Шрифт:
Интервал:
Закладка:
– Кому-то из вас нужна медицинская помощь? – спросила Куртана, глядя на нос Кильона. – На борту «Репейницы» есть доктор.
– Ничего, заживет.
– Твоя напарница кажется дееспособной, судя по ее разговорам. А как насчет матери с дочерью?
– Не знаю. Мы недавно вместе странствуем.
– Я спросила не об этом.
– Все равно не знаю. Они были в плену у черепов. Потом те попали в засаду, и мы освободили пленниц.
– Говорить они умеют?
– А почему бы вам не спросить их самих?
– Пожалуйста, не испытывайте мое терпение, мистер…

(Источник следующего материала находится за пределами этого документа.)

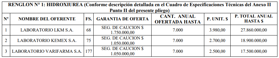 Según el desglose realizado por el equipo de analistas de Pharmabiz, la empresa que resultaría ganadora sería Varifarma en función de haber cotizado los precios más bajos. Así se haría de un total de $17.5 millones (u$s 409.6 mil). Ver acta de apertura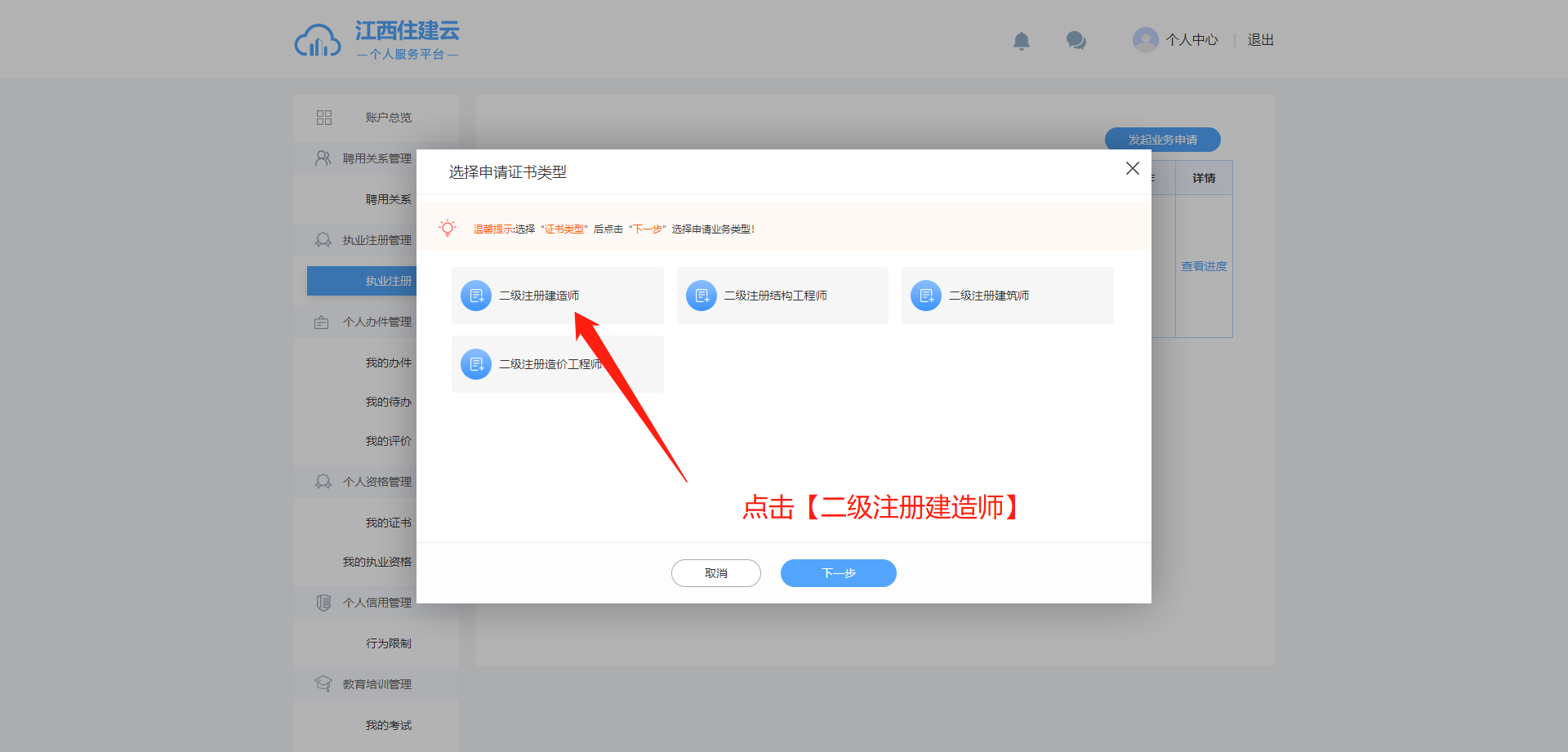 以下操作屬于建造師注冊流程,僅適用于已有住建云聘用單位的人員。若你尚未有聘用單位,則無需關(guān)注 本操作流程。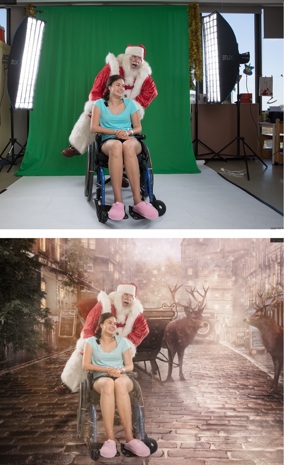 17歲的Brittany雖然半身不遂,但是經過攝影師Karen的專業後製技巧後,終於一圓夢想,和聖誕老人來到異國啦~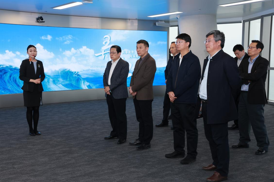首先,党委理论学习中心组(扩大)成员实地参观了胶州湾第二海底隧道项目展厅及数字建造平台、青岛国信集团智慧中心,听取了深远海大型智慧养殖工船项目情况。通过一线体验式学习,深度了解企业在关键核心技术攻关、海洋渔业转型升级、城市重大基础设施建设等方面的科技创新成果与未来发展规划情况,主动对接找准产业需求,持续探索产教协同机制,携手服务国家重大战略和经济社会发展需求。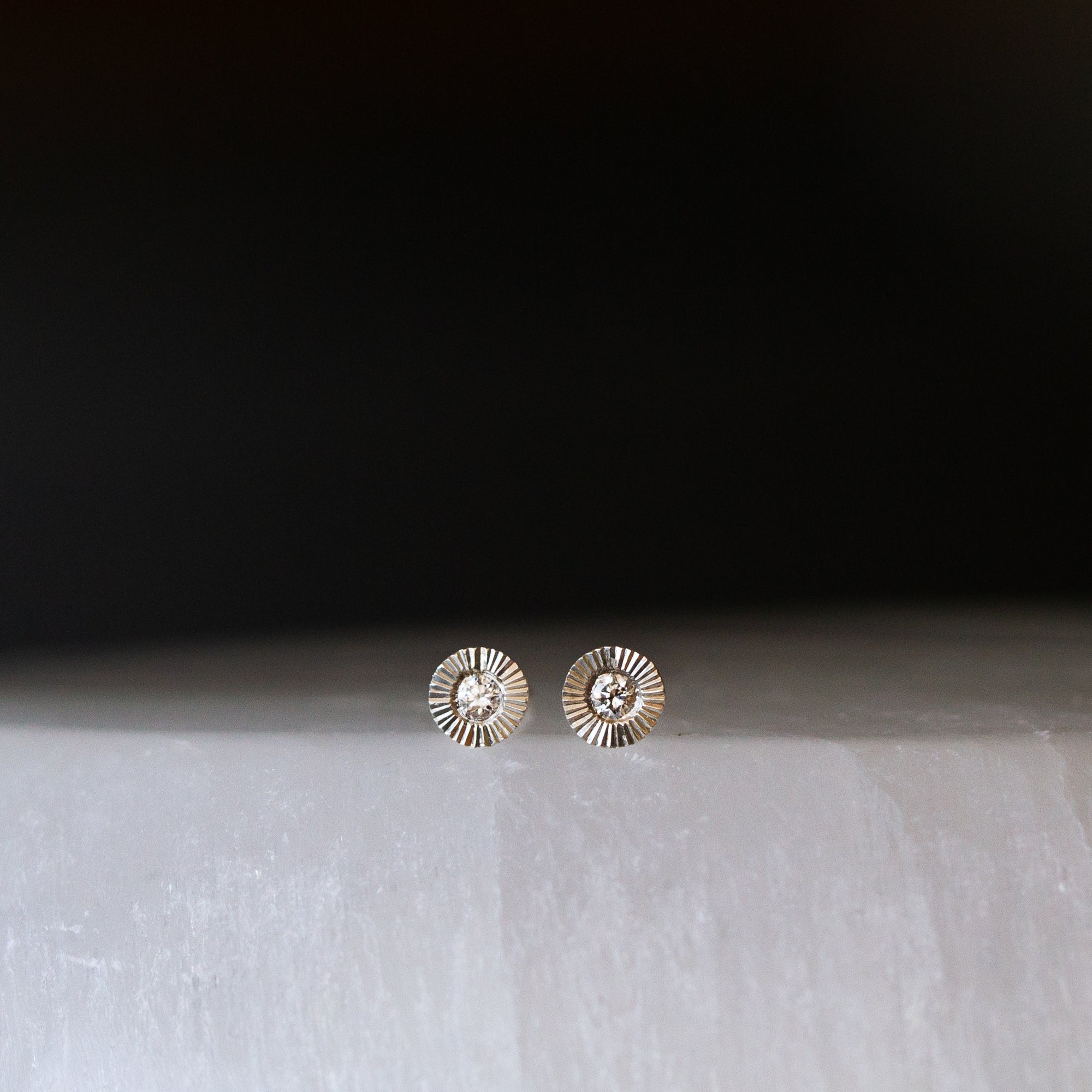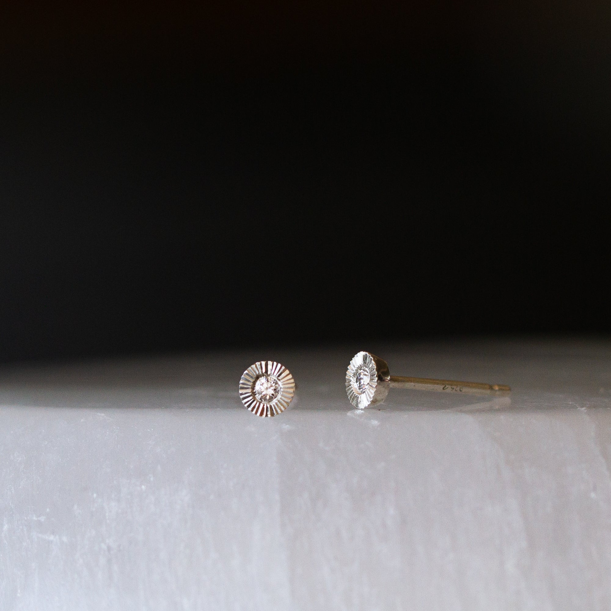 Our signature Aurora design, scaled to its most delicate size, features sparkling recycled diamonds nestled within hand-engraved rays that shimmer like sunbeams. These petite studs strike a perfect balance between elegance and simplicity. The artfully engraved sunburst pattern catches and reflects light with every movement, creating a captivating display.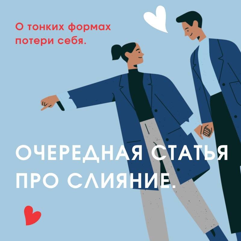 Сколько раз вы говорили или слышали: «Мы с ним — одно целое», «Мы всё делаем вместе», «Без неё меня нет»? В культуре романтизируется слияние: чем ближе, тем лучше. Две половинки одного целого, которые жили долго и счастливо и умерли в один день. Настоящая любовь — быть одним организмом, не так ли? Но в гештальт-подходе мы знаем: слияние — это не про близость. Это — про отсутствие границ, исчезновение различий и, в конечном итоге, утрату контакта. Слияние — как бы ни было это парадоксально — убивает настоящую встречу. Что такое слияние на самом деле? Это когда я не чувствую, где заканчиваюсь я и начинается другой. Это может быть про отношения, про работу, про группу. Часто слияние выглядит как забота, эмпатия, вовлечённость. Но на деле — это отказ от собственной фигуры ради фона. Я не говорю, чего хочу — я «догадываюсь», чего хочет другой. Я не выбираю — я «плыву по течению». Я не проживаю эмоции — я «слишком занят другими». На сессиях в таких случаях клиенты говорят:
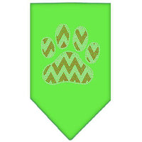 Christmas Pet and Dog Bandana Rhinestone, "Candy Cane Chevron Paw" Lime Green Small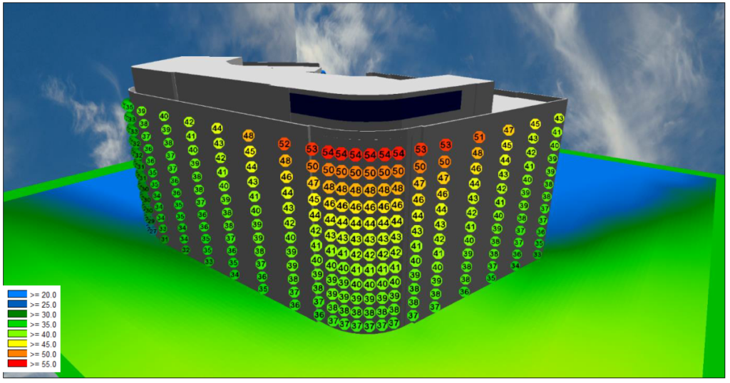 • When physical monitoring is not feasible (e.g., during future development stages), environmental noise simulation involves using computer models to predict noise levels at various locations based on factors like the building’s design, surrounding environment, and distance from noise sources. This technique involves creating visual representations (maps) of noise levels in and around the building. Noise maps help identify areas with higher noise exposure at the different direction and levels of an, enabling targeted mitigation plan for the facade design.

Судя по интонации, Куртана хотела, чтобы Кильон назвал себя.
– Кильон.
– Очевидно, житель Клинка, – отметила Куртана. – Хотя есть в тебе что-то странное. Ну а ты кто?
– Мерока.
– Что ты делаешь за пределами Клинка?
– Хреновой жизни радуюсь, а ты как думала?
– Значит, ты знаешь о недавних событиях?
– Не заметить их было трудно, – ответил Кильон. – По крайней мере, тому, в ком есть хоть капля человечности. Тридцать миллионов человек страдают сейчас на Клинке, умирают медленной мучительной смертью от зонального недомогания.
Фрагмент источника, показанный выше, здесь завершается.